Raw data:

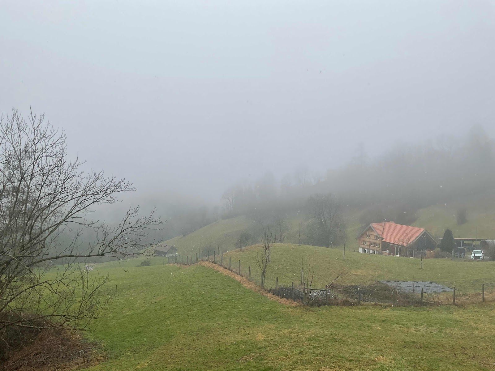 With a sprinkle of snow, and drippy wet.
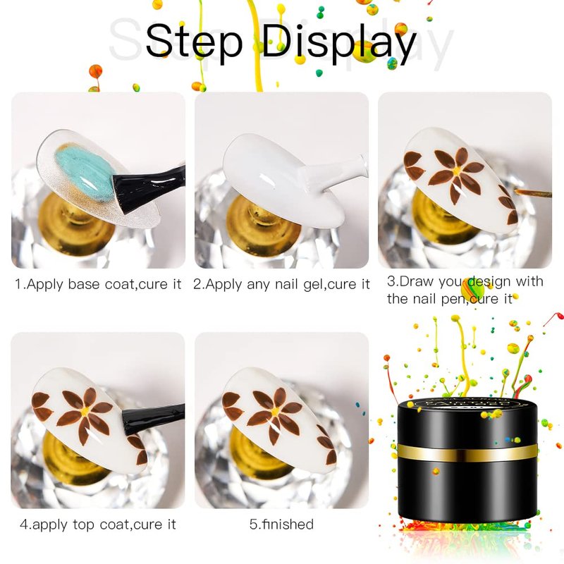 - ❤【SUPER LONG LASTING】: Used with the base gel and top coat, and cured under UV or LED lamp, the gel nail art painting gel will last 3 weeks or more time, and keep high-gloss wear. This gel painting kit is easy to use for painting, drawing, pulling lines, striping, etc
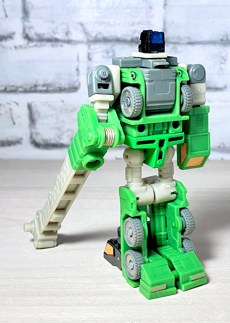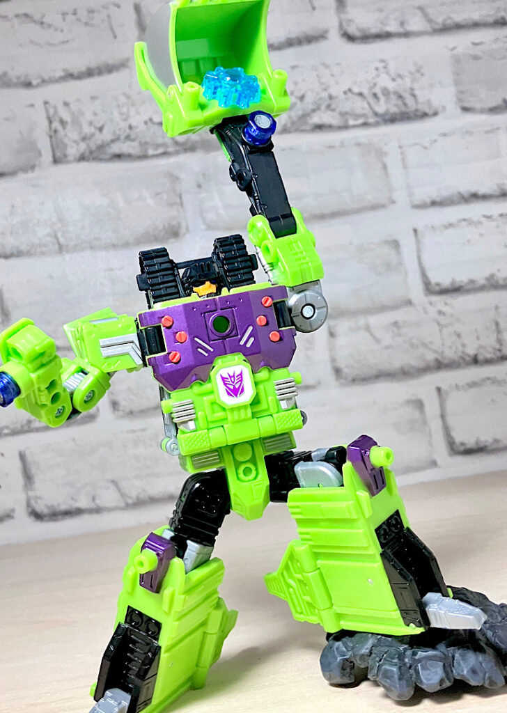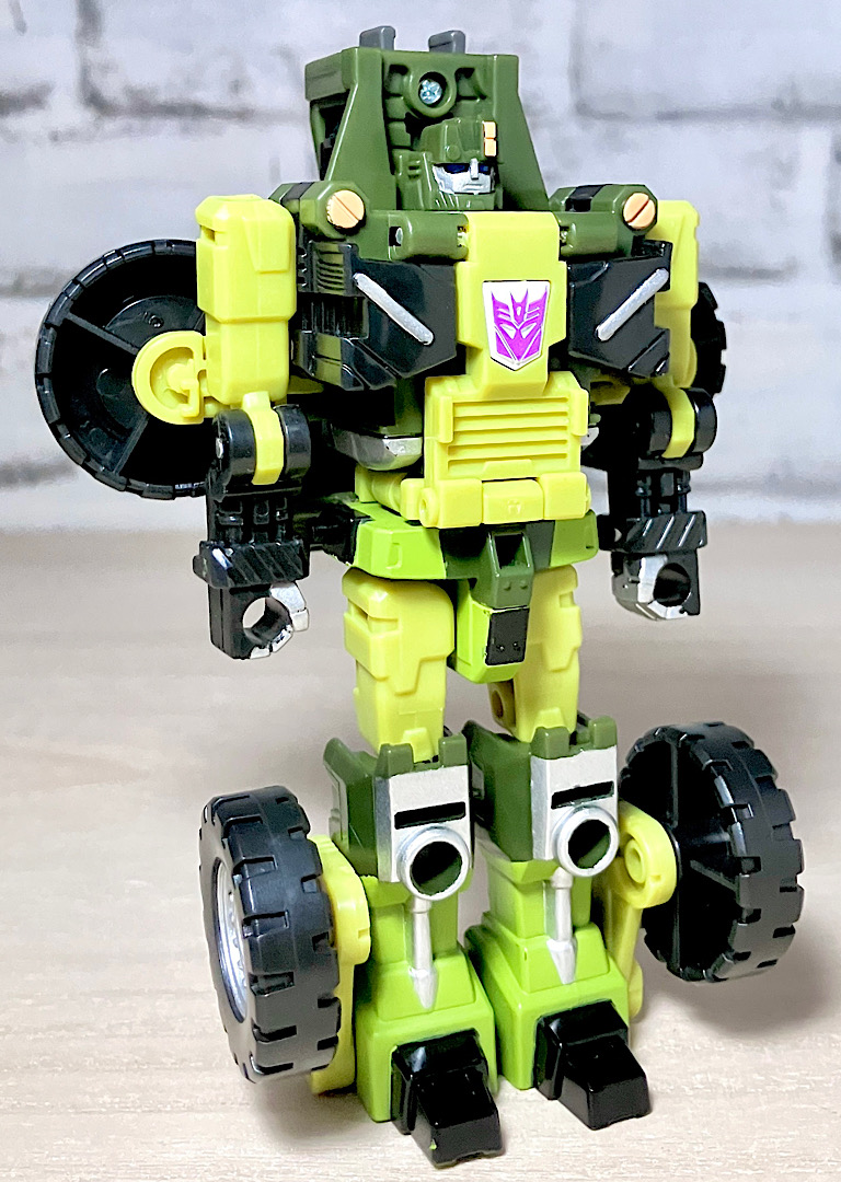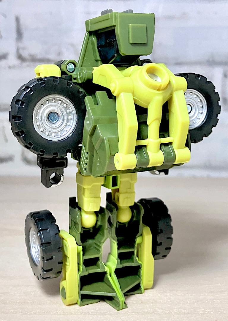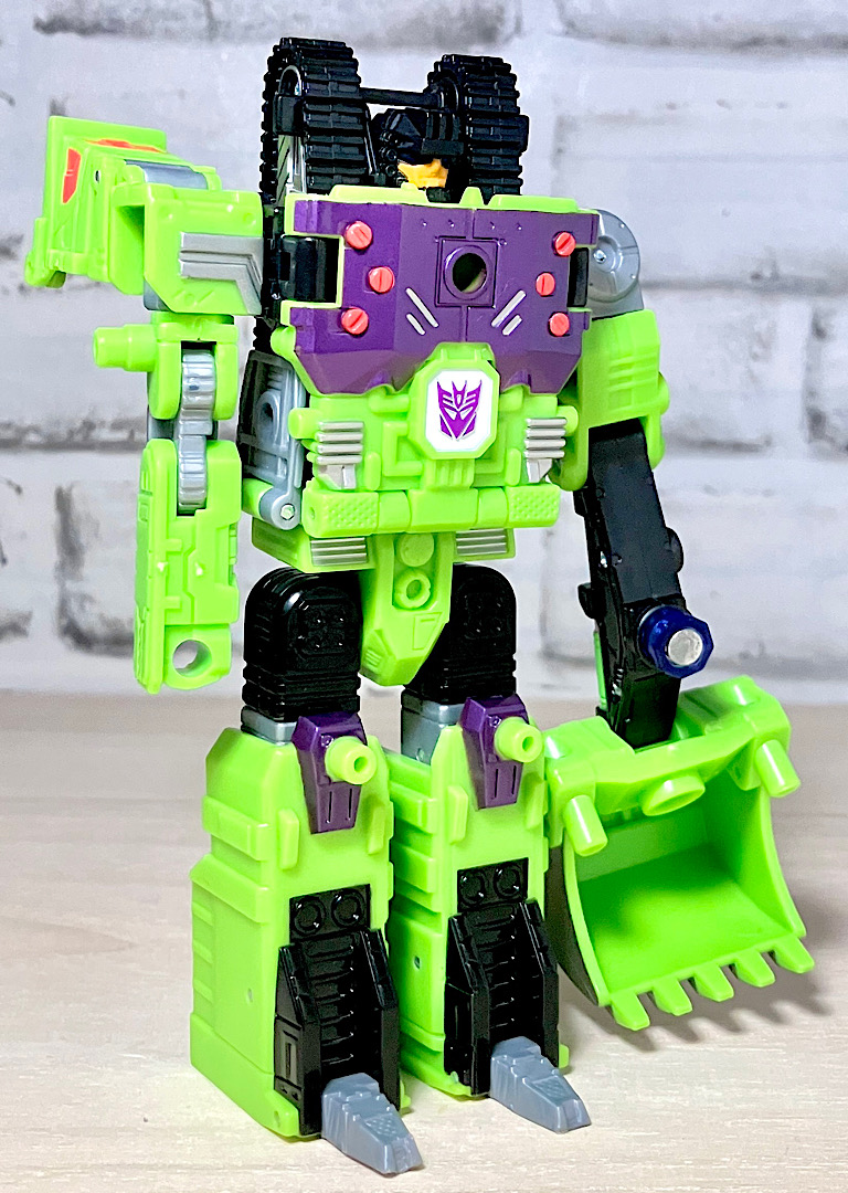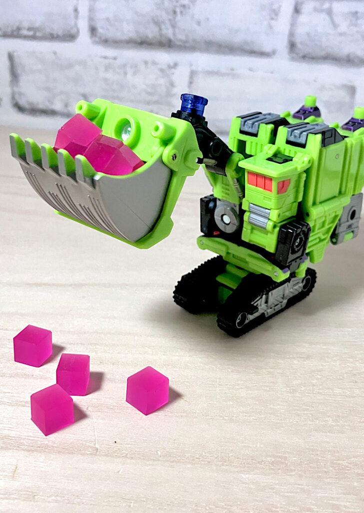 【ロボットモード】チームのコアとなるリーダー。キャタピラをバックパックのように背負い、片手がバケットになっているというなかなか攻めたデザインです。

Problem statement: Once the pictures are removed, copy the listing exactly.

Answer to this problem:
 With a sprinkle of snow, and drippy wet.
 - ❤【SUPER LONG LASTING】: Used with the base gel and top coat, and cured under UV or LED lamp, the gel nail art painting gel will last 3 weeks or more time, and keep high-gloss wear. This gel painting kit is easy to use for painting, drawing, pulling lines, striping, etc
 【ロボットモード】チームのコアとなるリーダー。キャタピラをバックパックのように背負い、片手がバケットになっているというなかなか攻めたデザインです。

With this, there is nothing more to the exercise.